- Occupations: Film, television actor

= Tadao Tomomatsu =

American actor

Tadao Tomomatsu is an actor, instructor, and science fiction personality living in the Los Angeles, California area.

==Career==
Tadao has appeared in Diagnosis: Murder, The Tracey Ullman Show, the films Inspector Gadget and Godzilla, and many others.

In 2006, Tadao appeared on Heroes in the episode "Don't Look Back", where he played Detective Furokawa, a Japanese-American police officer who translated for Hiro Nakamura.
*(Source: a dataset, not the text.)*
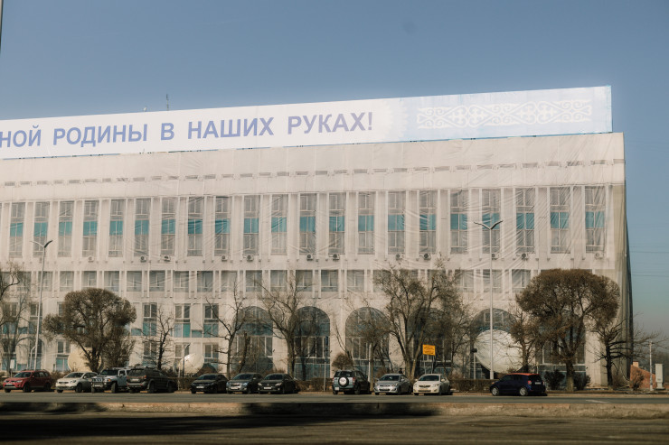 Разгромленное в январе бывшее здание Nur Otan в Алматы восстановили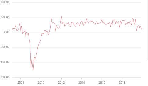 Job creation in the US economy has fallen from its exceptionally high levels of 2018 but gives no indication of having run its course.

His biggest role to date was as "Mr. Shake Hands Man 2" on the show Banzai. He replaced the original Mr. Shake Hands Man, as he had become too well known.

==Science fiction==
When Tadao is not working as an actor, he is actively involved in science fiction fandom. Tadao can regularly be found at the Los Angeles Science Fantasy Society clubhouse in North Hollywood during meetings and/or events. He is also regularly a staff member at many fan-run conventions, including Loscon, Gallifrey One, Anime Los Angeles, DemiCon, plus many Worldcons and Westercons. He was the Toastmaster at BayCon 2010. and Fan Guest of Honor in 2011 at Kansas City's ConQuesT 42. He served as Toastmaster as ConQuesT 45 in 2014.